Top of Source material
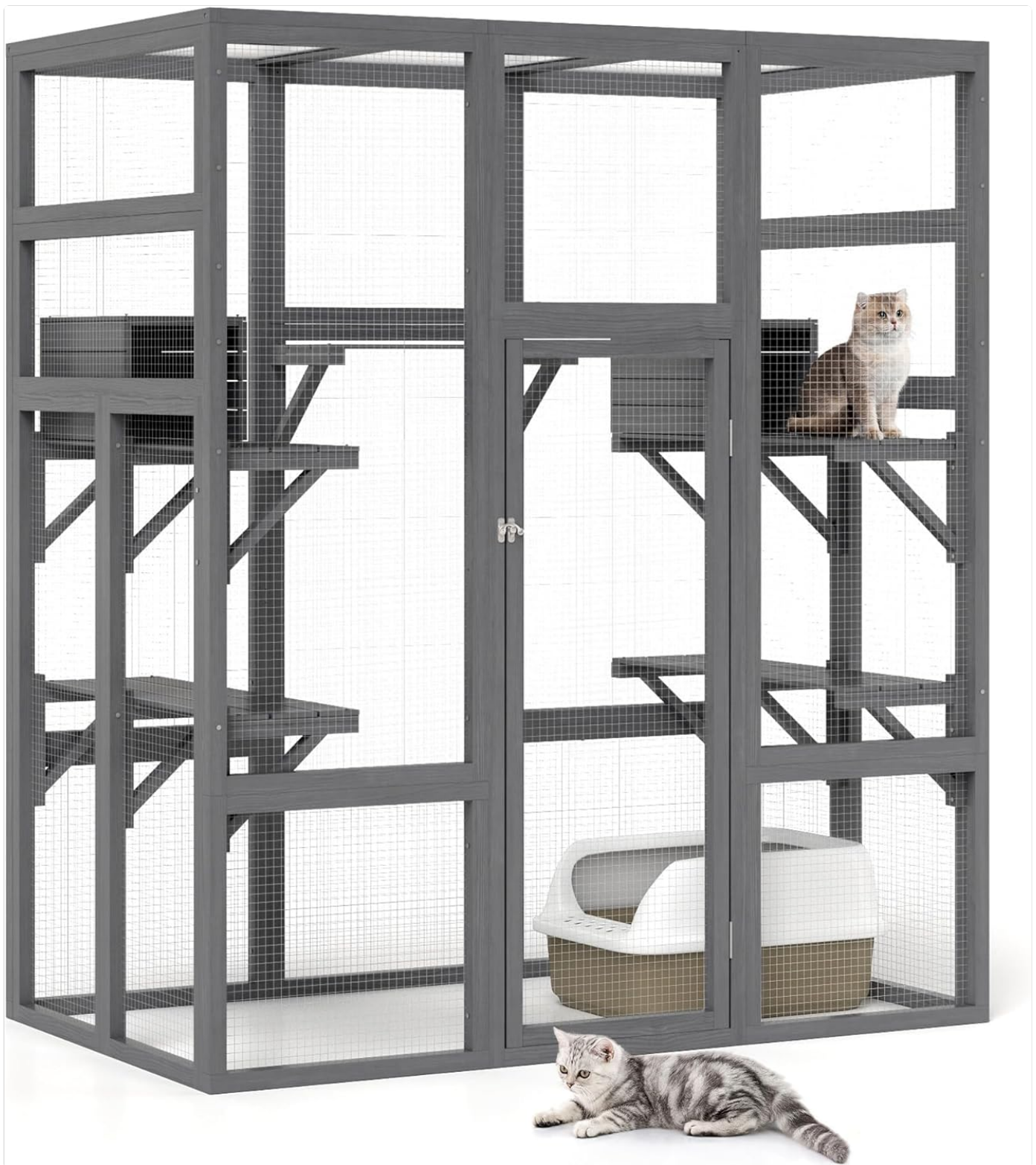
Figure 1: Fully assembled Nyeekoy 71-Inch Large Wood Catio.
Bottom of Source material
Top of Source material
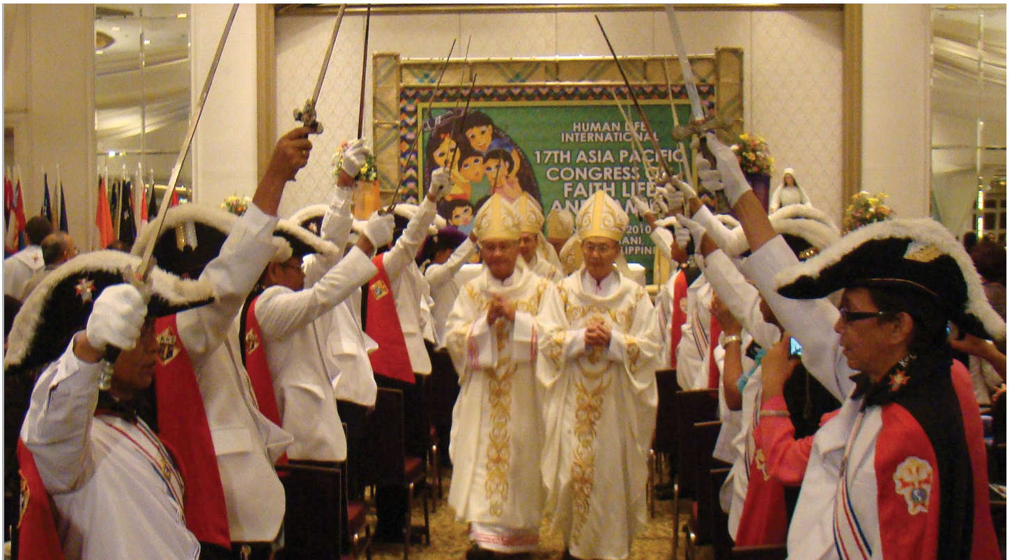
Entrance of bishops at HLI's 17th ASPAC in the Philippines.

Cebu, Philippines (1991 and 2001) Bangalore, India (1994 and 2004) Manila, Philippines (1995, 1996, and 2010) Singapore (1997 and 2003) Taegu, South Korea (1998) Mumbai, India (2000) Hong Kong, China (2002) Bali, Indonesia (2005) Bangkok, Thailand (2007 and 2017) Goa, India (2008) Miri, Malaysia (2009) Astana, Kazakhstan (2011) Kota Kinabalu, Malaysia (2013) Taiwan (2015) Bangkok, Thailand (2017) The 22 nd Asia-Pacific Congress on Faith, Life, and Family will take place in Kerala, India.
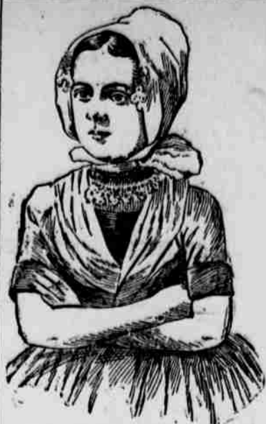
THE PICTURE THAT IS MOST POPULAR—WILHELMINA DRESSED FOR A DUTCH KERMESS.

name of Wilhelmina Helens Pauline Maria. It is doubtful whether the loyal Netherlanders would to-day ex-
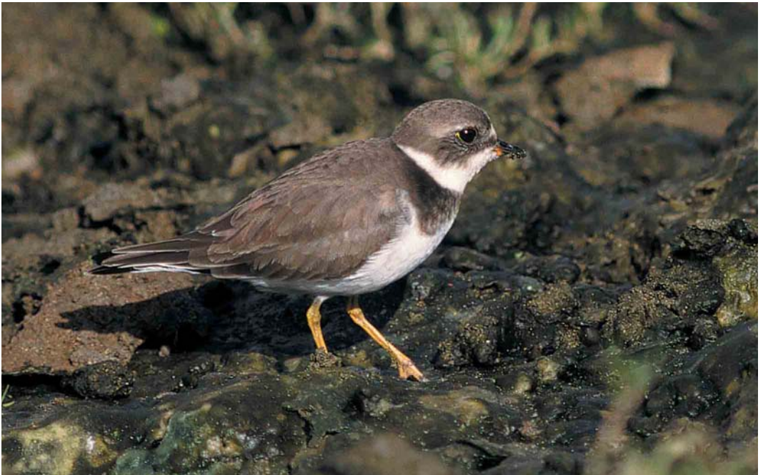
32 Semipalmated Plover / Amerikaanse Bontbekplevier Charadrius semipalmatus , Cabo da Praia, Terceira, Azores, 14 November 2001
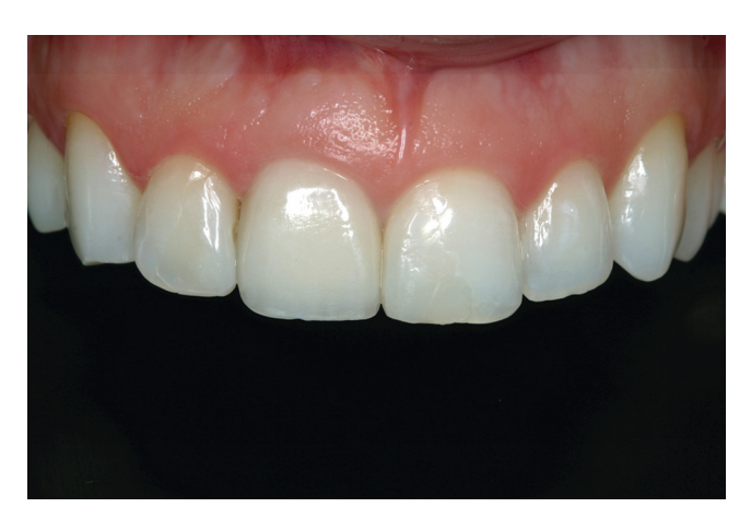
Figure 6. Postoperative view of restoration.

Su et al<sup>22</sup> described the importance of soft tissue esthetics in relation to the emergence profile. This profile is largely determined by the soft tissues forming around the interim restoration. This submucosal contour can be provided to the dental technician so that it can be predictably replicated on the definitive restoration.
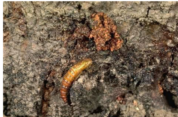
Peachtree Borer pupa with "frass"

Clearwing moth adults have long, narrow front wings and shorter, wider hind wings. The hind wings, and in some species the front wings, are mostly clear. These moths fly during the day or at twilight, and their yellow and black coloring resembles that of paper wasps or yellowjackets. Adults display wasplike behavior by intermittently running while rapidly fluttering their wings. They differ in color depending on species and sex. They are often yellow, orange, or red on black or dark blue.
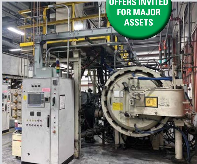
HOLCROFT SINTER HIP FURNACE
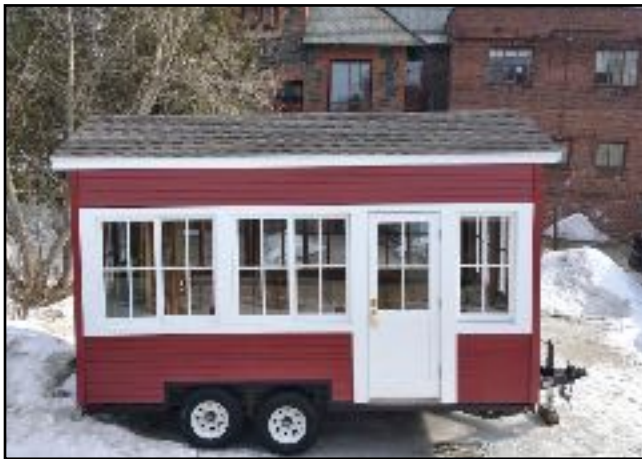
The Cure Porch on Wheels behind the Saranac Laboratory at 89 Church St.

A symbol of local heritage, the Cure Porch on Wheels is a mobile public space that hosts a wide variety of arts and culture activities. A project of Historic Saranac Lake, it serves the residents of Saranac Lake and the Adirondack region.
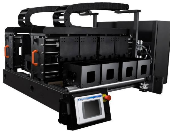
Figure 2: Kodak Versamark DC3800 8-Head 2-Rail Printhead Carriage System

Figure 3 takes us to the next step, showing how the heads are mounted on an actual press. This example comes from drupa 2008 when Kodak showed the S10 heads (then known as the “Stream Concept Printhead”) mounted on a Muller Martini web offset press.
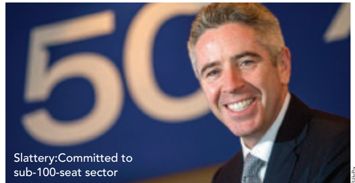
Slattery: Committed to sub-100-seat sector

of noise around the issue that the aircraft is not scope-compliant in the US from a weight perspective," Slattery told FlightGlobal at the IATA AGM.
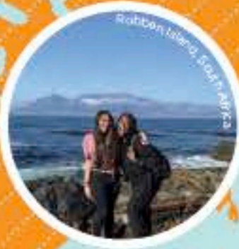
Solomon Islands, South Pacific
Bottom of Source material
● **Work required**:
Give again, exactly as written above, each line from the one that has "32 Semipalmated Plover" to the one that has "Figure 3 takes", both included; omit the pictures.

● **Exercise response**:
32 Semipalmated Plover / Amerikaanse Bontbekplevier Charadrius semipalmatus , Cabo da Praia, Terceira, Azores, 14 November 2001
Figure 6. Postoperative view of restoration.

Su et al<sup>22</sup> described the importance of soft tissue esthetics in relation to the emergence profile. This profile is largely determined by the soft tissues forming around the interim restoration. This submucosal contour can be provided to the dental technician so that it can be predictably replicated on the definitive restoration.
Peachtree Borer pupa with "frass"

Clearwing moth adults have long, narrow front wings and shorter, wider hind wings. The hind wings, and in some species the front wings, are mostly clear. These moths fly during the day or at twilight, and their yellow and black coloring resembles that of paper wasps or yellowjackets. Adults display wasplike behavior by intermittently running while rapidly fluttering their wings. They differ in color depending on species and sex. They are often yellow, orange, or red on black or dark blue.
HOLCROFT SINTER HIP FURNACE
The Cure Porch on Wheels behind the Saranac Laboratory at 89 Church St.

A symbol of local heritage, the Cure Porch on Wheels is a mobile public space that hosts a wide variety of arts and culture activities. A project of Historic Saranac Lake, it serves the residents of Saranac Lake and the Adirondack region.
Figure 2: Kodak Versamark DC3800 8-Head 2-Rail Printhead Carriage System

Figure 3 takes us to the next step, showing how the heads are mounted on an actual press. This example comes from drupa 2008 when Kodak showed the S10 heads (then known as the “Stream Concept Printhead”) mounted on a Muller Martini web offset press.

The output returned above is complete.